A system of equations involves multiple equations that share common variables. In this case, the system consists of two linear equations. The objective is to find values for each variable that satisfy all equations simultaneously. Variables here might be represented by letters like \( x \) and \( y \), and solving a system means identifying the points where these equations intersect if graphed on a coordinate plane.

There are several methods to solve systems of equations, such as substitution, elimination, or graphing. Solving using substitution, which we focus on here, is particularly helpful when one of the equations can easily be solved for a single variable.
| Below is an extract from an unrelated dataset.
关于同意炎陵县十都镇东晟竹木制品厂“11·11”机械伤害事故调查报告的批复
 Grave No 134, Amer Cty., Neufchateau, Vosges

This way, you can express one variable in terms of the other, making the process simpler.

Remember, the solution to a system of linear equations can be a single point—where the lines intersect—no solution—if the lines are parallel, or infinitely many solutions—if the lines coincide.
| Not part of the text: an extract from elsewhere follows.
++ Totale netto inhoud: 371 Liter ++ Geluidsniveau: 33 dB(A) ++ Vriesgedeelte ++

Solving a linear equation involves finding the values of the variables that make the equation true. Linear refers to the highest power of the variable being one. It's all about balancing both sides of the equation using operations that maintain equality.

In this exercise, we begin by isolating a variable in one equation. This means getting that variable by itself on one side of the equation to express it in terms of the other. Here, we isolated \( x \) in the second equation, setting it equal to \( y \) (so \( x = y \)). This made it possible to substitute directly into the other equation.

The steps are clear:

• Rearrange one equation to solve for one variable.
• Substitute that variable into the other equation.
• Solve the new equation to find the value of one variable.
• Substitute back to find the second variable.

Algebraic manipulation means performing operations to rearrange equations and simplify expressions. It’s an essential skill that allows you to shift terms across the equal sign, manipulate coefficients, and combine terms.

In our problem, the step of substituting \( x = y \) into the first equation demonstrates this. We then simplified the terms \(- \frac{y}{5} + \frac{y}{2} = -3\) by finding a common denominator or multiplying through to clear fractions. Multiplying each term by 10, a strategic choice here due to it being the least common multiple of 2 and 5, made it easier to proceed.

This simplified our equation to \( -2y + 5y = -30 \). Further combining like terms, \( 3y = -30 \), and then dividing by 3, gave us \( y = -10 \). This is a classic example of simplifying equations using fractions and variables to unlock the solution.